Just last week. But this! Amazing:

“In fact, there is no kind of problem or obstacle for which positive thinking or a positive attitude has not been proposed as a cure. Having trouble finding a mate? Nothing is more attractive to potential suitors than a positive attitude, or more repellent than a negative one. Need money? Wealth is one of the principal goals of positive thinking. There are hundreds of self-help books expounding on how positive thinking can "attract" money – a method supposedly so reliable that you are encouraged to begin spending it now.
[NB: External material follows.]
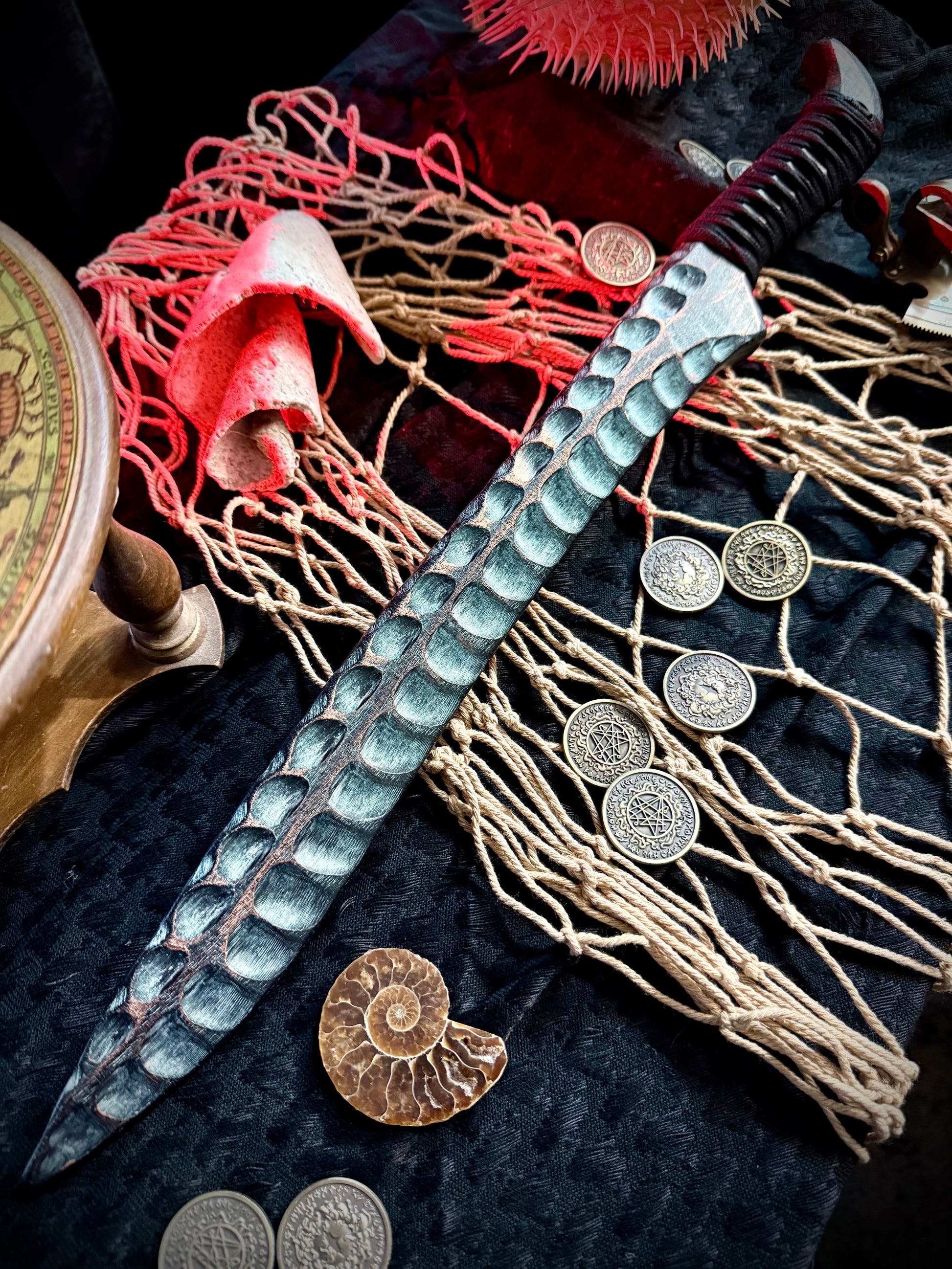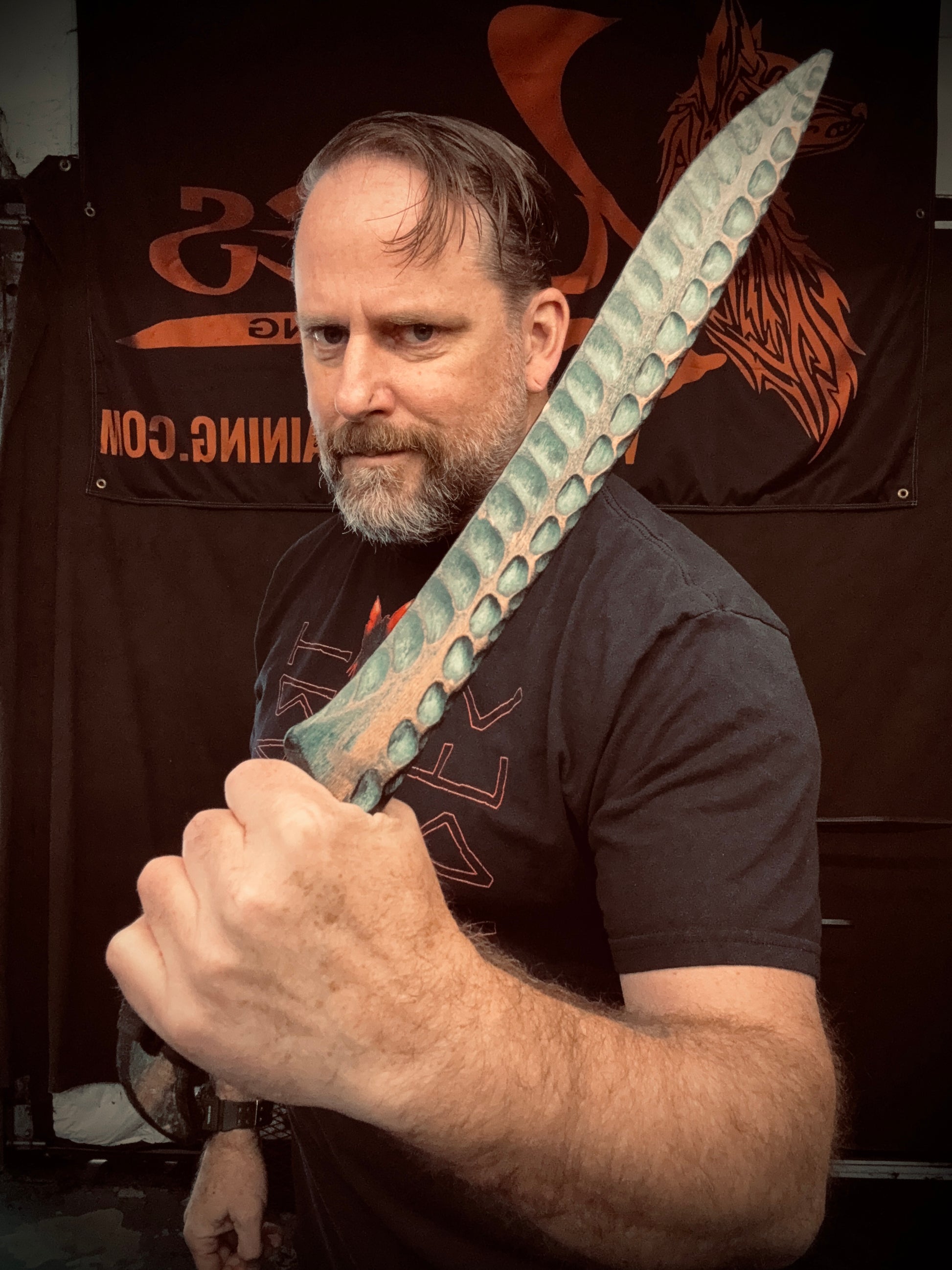 Handcrafted from 3/4” thick HDPE polymer . The 14” hand ground blade is matched with hand wrapped handle with a black tsukamaki style overwrap. The handle wrap is infused with marine grade resin to create a grippy and permanent , phenolic handle wrap. Blade and pommel feature my hand textured Tiamat Finish and aged bronze patina. Overall length is 19 1/2” Weighs 10 oz.

Practical problems such as low wages and unemployment are mentioned only as potential "excuses". The real obstacle lies in your mind.“

AND

“ But others in the cancer care business have begun to speak out against what one has called "the tyranny of positive thinking". When a 2004 study found no survival benefits for optimism among lung cancer patients, its lead author, Penelope Schofield, wrote: "We should question whether it is valuable to encourage optimism if it results in the patient concealing his or her distress in the misguided belief that this will afford survival benefits... If a patient feels generally pessimistic... it is important to acknowledge these feelings as valid and acceptable."

Whether repressed feelings are themselves harmful, as many psychologists claim, I'm not so sure, but without question there is a problem when positive thinking "fails" and the cancer spreads or eludes treatment. Then the patient can only blame herself: she is not being positive enough; possibly it was her negative attitude that brought on the disease in the first place.”